** WHAT YOU HAVE TO DO **
Below this line is a set of entries; quote exactly the lines from the line that contains "为进一步推进入党积极分子培训" to the line that contains "日本村田進口晶振HCR252", both lines included.

** DATA FOR THE TASK **
- - -
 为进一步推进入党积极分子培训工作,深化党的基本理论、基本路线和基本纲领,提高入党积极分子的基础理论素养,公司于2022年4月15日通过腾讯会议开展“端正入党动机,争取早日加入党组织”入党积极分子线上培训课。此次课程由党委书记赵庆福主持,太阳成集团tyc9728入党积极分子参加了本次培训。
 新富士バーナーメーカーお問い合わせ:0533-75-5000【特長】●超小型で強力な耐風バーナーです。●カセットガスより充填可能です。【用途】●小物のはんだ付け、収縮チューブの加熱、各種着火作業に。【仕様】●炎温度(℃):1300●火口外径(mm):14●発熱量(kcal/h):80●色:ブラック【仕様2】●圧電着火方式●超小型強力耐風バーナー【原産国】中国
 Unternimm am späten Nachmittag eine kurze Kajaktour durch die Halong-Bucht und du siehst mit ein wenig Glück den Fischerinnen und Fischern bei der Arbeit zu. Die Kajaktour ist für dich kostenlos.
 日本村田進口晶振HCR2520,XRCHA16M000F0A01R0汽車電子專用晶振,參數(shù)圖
- - -
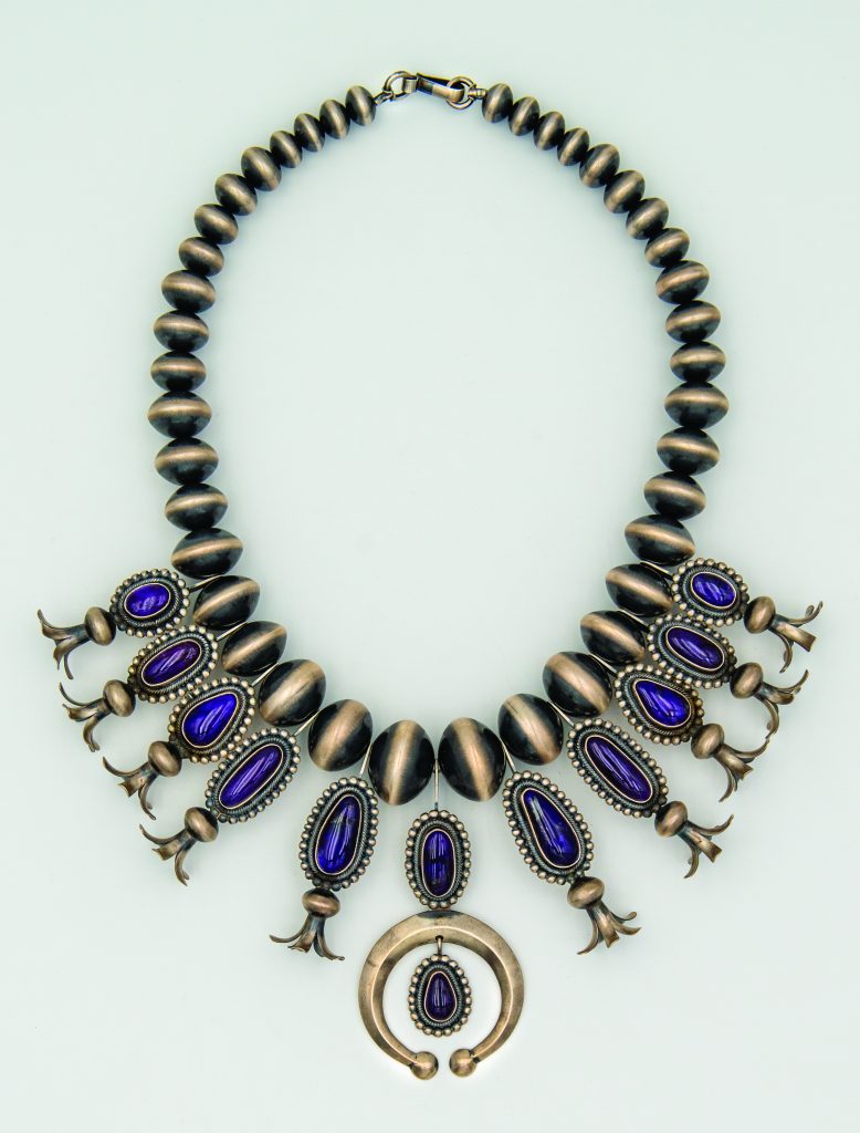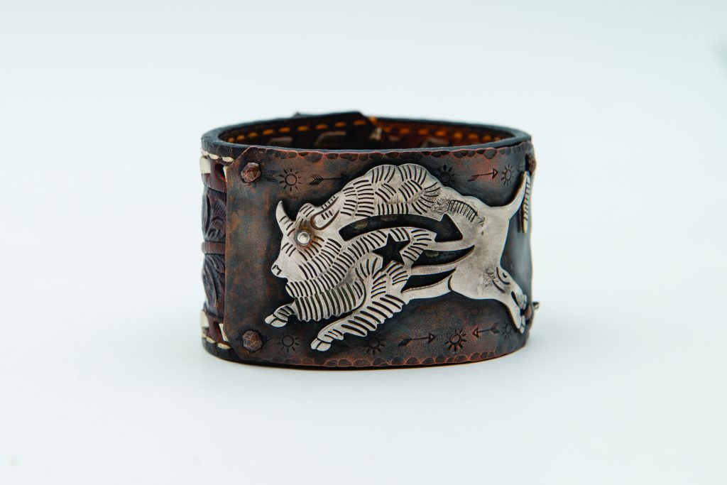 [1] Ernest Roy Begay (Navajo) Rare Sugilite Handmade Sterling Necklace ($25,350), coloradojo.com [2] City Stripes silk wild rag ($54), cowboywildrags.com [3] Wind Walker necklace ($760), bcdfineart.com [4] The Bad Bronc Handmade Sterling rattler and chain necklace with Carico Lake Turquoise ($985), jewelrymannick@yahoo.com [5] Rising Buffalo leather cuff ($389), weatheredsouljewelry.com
- - -
** EXERCISE RESPONSE **
 为进一步推进入党积极分子培训工作,深化党的基本理论、基本路线和基本纲领,提高入党积极分子的基础理论素养,公司于2022年4月15日通过腾讯会议开展“端正入党动机,争取早日加入党组织”入党积极分子线上培训课。此次课程由党委书记赵庆福主持,太阳成集团tyc9728入党积极分子参加了本次培训。
 新富士バーナーメーカーお問い合わせ:0533-75-5000【特長】●超小型で強力な耐風バーナーです。●カセットガスより充填可能です。【用途】●小物のはんだ付け、収縮チューブの加熱、各種着火作業に。【仕様】●炎温度(℃):1300●火口外径(mm):14●発熱量(kcal/h):80●色:ブラック【仕様2】●圧電着火方式●超小型強力耐風バーナー【原産国】中国
 Unternimm am späten Nachmittag eine kurze Kajaktour durch die Halong-Bucht und du siehst mit ein wenig Glück den Fischerinnen und Fischern bei der Arbeit zu. Die Kajaktour ist für dich kostenlos.
 日本村田進口晶振HCR2520,XRCHA16M000F0A01R0汽車電子專用晶振,參數(shù)圖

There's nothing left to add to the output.